Better access to antiviral treatments has helped
How well hybrid immunity continues to hold up in the population will determine how often additional booster doses should be offered, and it underscores the need to further protect elderly and immunocompromised Canadians who are less likely to have a prior infection.
Dr. Gaston De Serres, an epidemiologist at the Quebec National Institute of Public Health who researches hybrid immunity and co-authored the research with Dr. Sara Carazo, said the immunity landscape is drastically different in younger adults than elderly Canadians.

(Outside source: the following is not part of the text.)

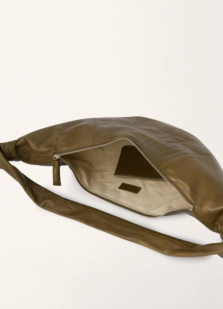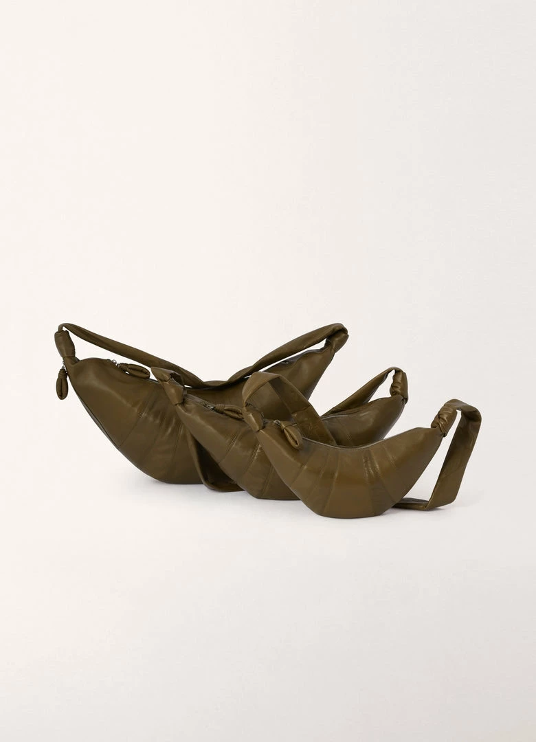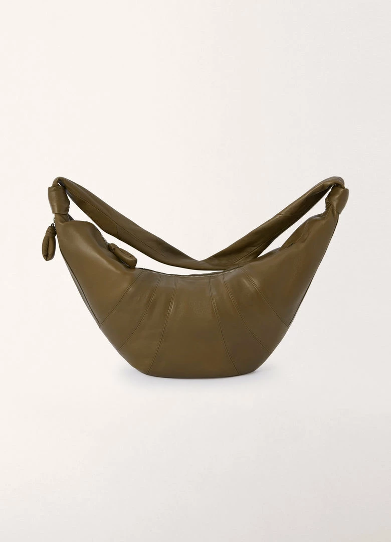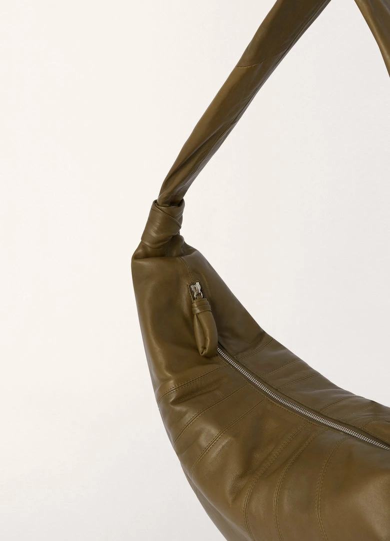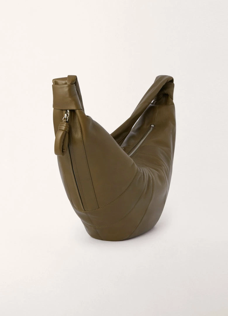 This classic LEMAIRE bag, the second largest of the Croissant bag family, is made of coated linen canvas with a crisp texture and a shiny finish.Inspired by the shape of a croissant pastry, the bag’s design is achieved through an assembly of topstitched cutouts. Its ergonomic shape wraps around the body for an easy, casual wear. It features a metal zipper, side knot finishings, a side zipped pocket and a removable A5 pouch. It can be worn as a shoulder or crossbody bag. Its material softens over time, allowing each bag to mold to its wearer.
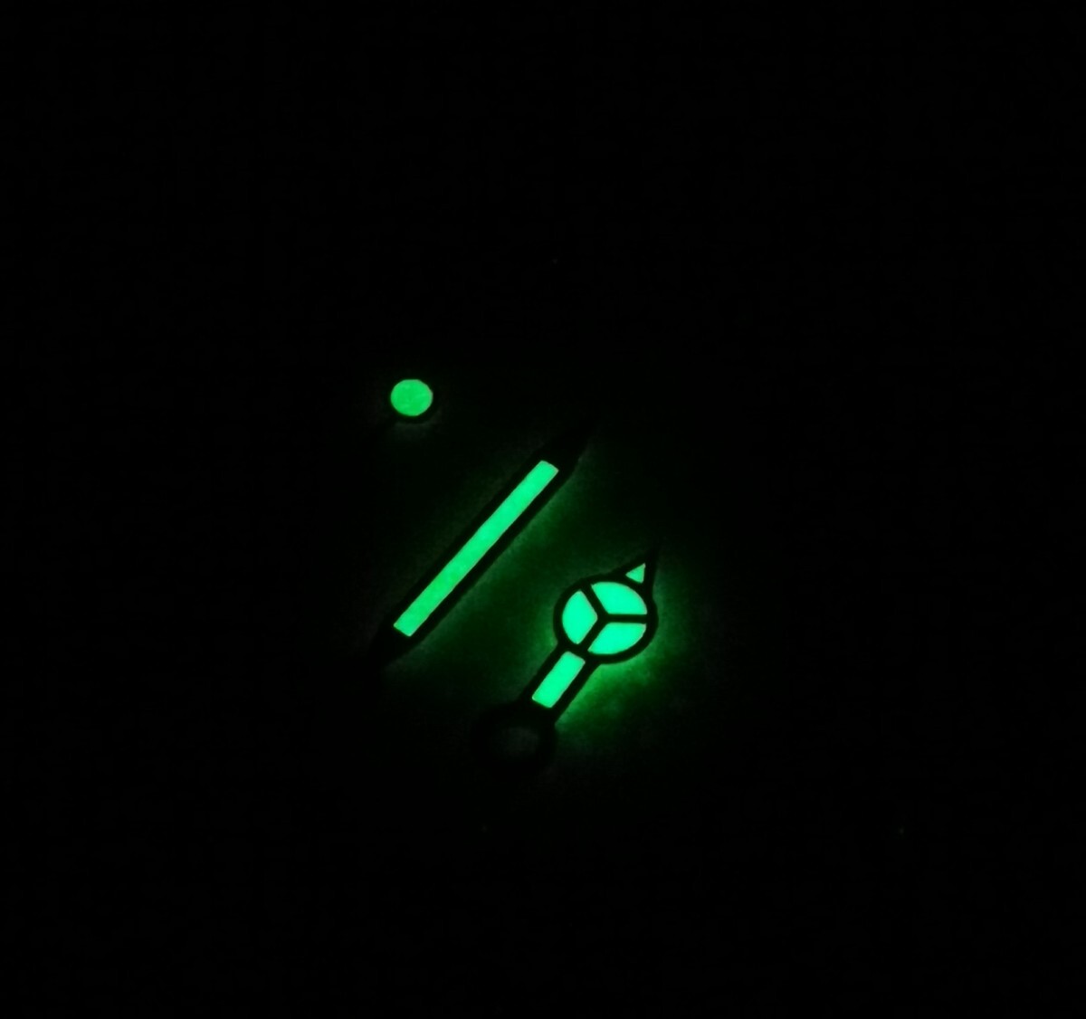 カラーはゴールドで夜光の色はホワイト、発光色はグリーンになります。

"Why it matters is because hospitalizations are, for the most part, occurring in elderly people," he said.
"Having a large proportion of the younger population that has been infected helps. But the pool of individuals who are over 70 and who have not yet been infected is still quite substantial, and we may expect that future hospitalizations will, for the most part, occur in these individuals."
De Serres said better access to antiviral treatments that can be given to older Canadians at the onset of a COVID-19 infection has helped reduce the number of hospitalizations, as well as the fact that Omicron and its subvariants appear less severe than previous strains.
"It's not to say that Omicron or its subvariants are completely mild and not harmful — that's not true," he said, adding that 2022 "had more deaths than the two previous years of the pandemic."
"Having said that, there has not been an overwhelming wave that flooded the hospital system last fall or now, and in that sense things are more under control."
Wherry, at the University of Pennsylvania, said key goals for the future should be trying to improve on COVID-19 vaccine technology to recreate the protection that hybrid immunity provides in people who haven't yet been vaccinated, such as children and those who are more vulnerable to severe illness.
"That still remains a major challenge, and hybrid immunity and vaccines are still not giving us a really durable benefit there," he said.
"Immunity from severe disease may also wane. We haven't been out long enough to really know. So I wouldn't assume that we're going to have five-year or 10-year immunity keeping us out of the hospital."
The University of Arizona's Bhattacharya said there could be some seasonal variation in terms of the severity of COVID infections — similar to the flu, where different strains emerge that are distinct from what the population had last acquired immunity to — that could drive future waves.
"But I still strongly believe that we're not going to go back into the pre-vaccination era of early 2020," he said. "I don't think we're going to see those dark days again."